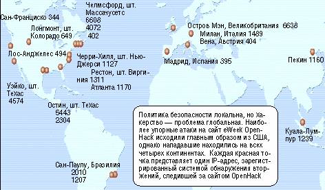ИТ-безопасность, как уже показали прошлые тесты OpenHack, представляет собой глобальную проблему. Первые две тестовые системы OpenHack взломал один и тот же хакер из Гибралтара по имени Луис Мора. По данным IDS-мониторинга сайта, двадцать наиболее активных атак OpenHack 4 велись из восьми разных стран четырех континентов (см. карту).
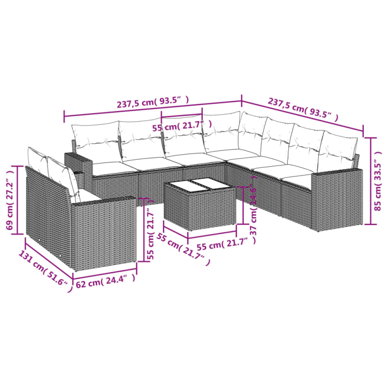 10-tlg. Garten-Sofagarnitur mit Kissen Braun Poly Rattan
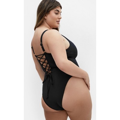 Women's Plus Size Sardinia Tie Front 1 Piece - black | CITY CHIC
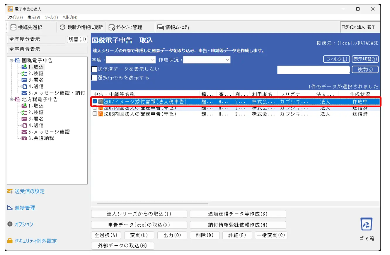 8.一覧上に[イメージ添付書類]、作成状況:[作成中]というデータが取り込まれました。[イメージ添付書類]のデータのチェックボックスにだけチェックを入れ、[2.署名]~[4.送信]を行ってください。(※送信済みの申告データは送信しません)
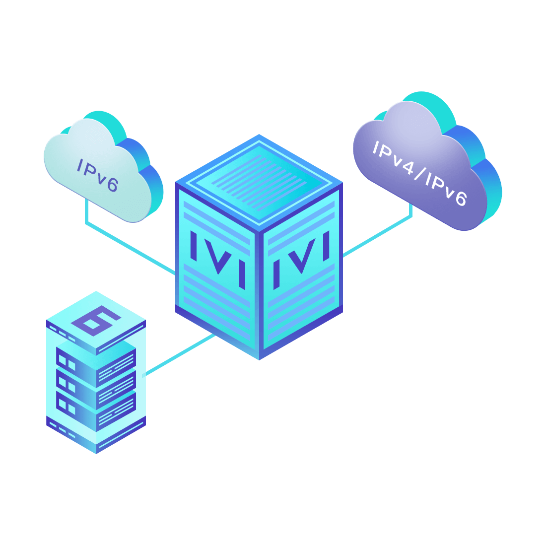 對(duì)正在進(jìn)行IPv6整體升級(jí)規(guī)劃的運(yùn)營商,應(yīng)用IPv6升級(jí)方案2.5,通過IVI無狀態(tài)翻譯技術(shù)和純IPv6接入網(wǎng)絡(luò),為雙??蛻舳撕碗p棧服務(wù)器提供連通服務(wù)。
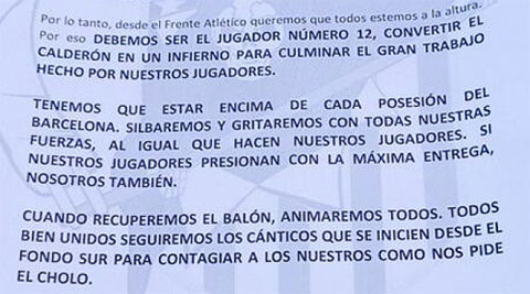 Kelompok pendukung garis keras Atletico Madrid atau yang lebih dikenal dengan Frente Atletico mengirimkan surat yang menuntut dukungan dari seluruh fan Atletico saat menjamu Barcelona.
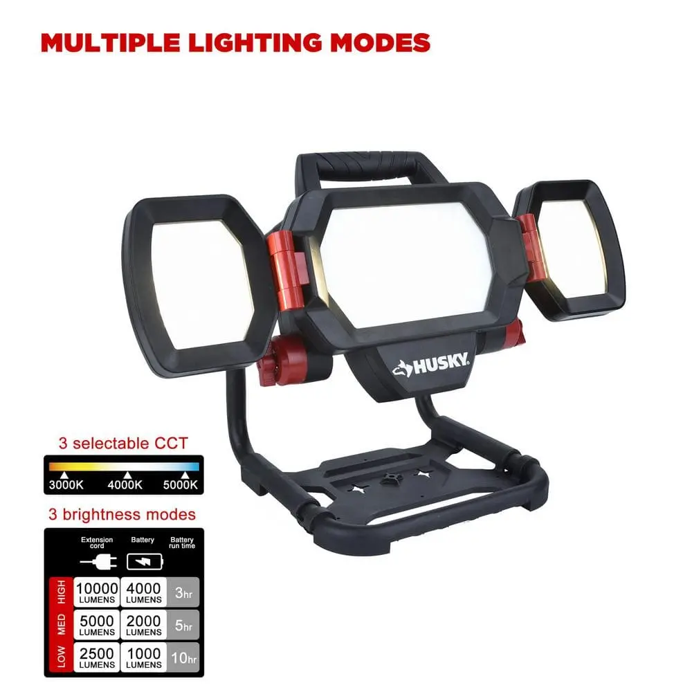 This high-intensity, dual-power LED work light is designed for maximum versatility. It operates both on its integrated lithium-ion battery and through an AC extension cord for continuous power. The rechargeable battery provides up to 10 hours of cordless runtime, and the power indicator lets you know when it's time to recharge. Once the battery is depleted, simply plug in the included 5ft AC power cord and keep working without interruption. Built with durable, die-cast aluminum, this light is both strong and reliable. It features two adjustable side lights that pivot 180° and 270°, with the main light supporting 180° vertical rotation. Choose from three selectable color temperatures (CCT) – 3000K, 4000K, and 5000K – to suit any project. With up to 10,000 lumens under AC power and 4,000 lumens on DC, it’s perfect for everything from auto repair to construction. Additionally, the light is foldable, easy to carry with its grip handle, and offers USB-A and USB-C outputs for charging portable devices.
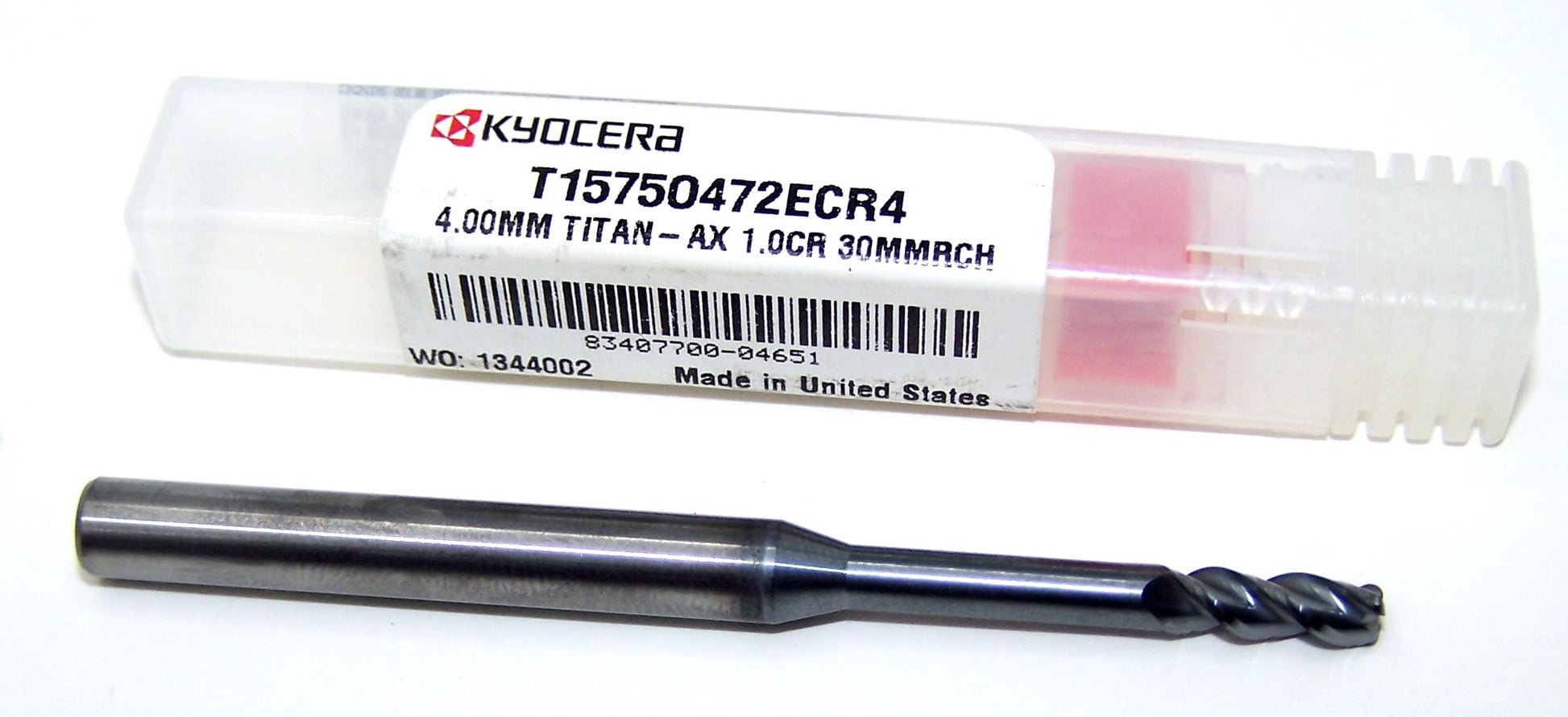 T1575O472ECR4 Kyocera Microtools 4.00mm Carbide 3 Flute End Mill Extended Reach .039" Radius Coated .1575" Diameter .236" Flute 2.50" Length .236"shank Titan Series
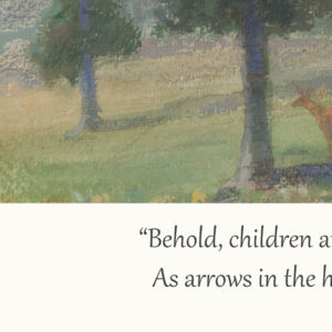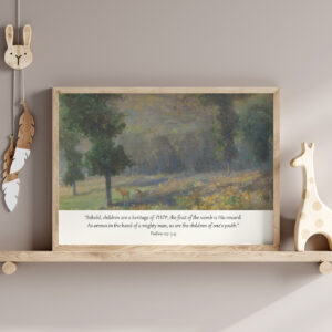 This tender Scripture art piece features a soft, vintage landscape with deer in a quiet meadow—an image of calm, nurture, and the beauty of new life. Beneath the illustration, the words of Psalm 127:3–4 are displayed with the sacred Name included, honoring the fullness and reverence of the text:

**Exercise directions**. Make an exact copy of the records from their first line through the line containing "Kelompok pendukung garis", both ends included, with the pictures omitted.

**Task result**.
ИТ-безопасность, как уже показали прошлые тесты OpenHack, представляет собой глобальную проблему. Первые две тестовые системы OpenHack взломал один и тот же хакер из Гибралтара по имени Луис Мора. По данным IDS-мониторинга сайта, двадцать наиболее активных атак OpenHack 4 велись из восьми разных стран четырех континентов (см. карту).
 10-tlg. Garten-Sofagarnitur mit Kissen Braun Poly Rattan
 Women's Plus Size Sardinia Tie Front 1 Piece - black | CITY CHIC
 8.一覧上に[イメージ添付書類]、作成状況:[作成中]というデータが取り込まれました。[イメージ添付書類]のデータのチェックボックスにだけチェックを入れ、[2.署名]~[4.送信]を行ってください。(※送信済みの申告データは送信しません)
 對(duì)正在進(jìn)行IPv6整體升級(jí)規(guī)劃的運(yùn)營商,應(yīng)用IPv6升級(jí)方案2.5,通過IVI無狀態(tài)翻譯技術(shù)和純IPv6接入網(wǎng)絡(luò),為雙??蛻舳撕碗p棧服務(wù)器提供連通服務(wù)。
 Kelompok pendukung garis keras Atletico Madrid atau yang lebih dikenal dengan Frente Atletico mengirimkan surat yang menuntut dukungan dari seluruh fan Atletico saat menjamu Barcelona.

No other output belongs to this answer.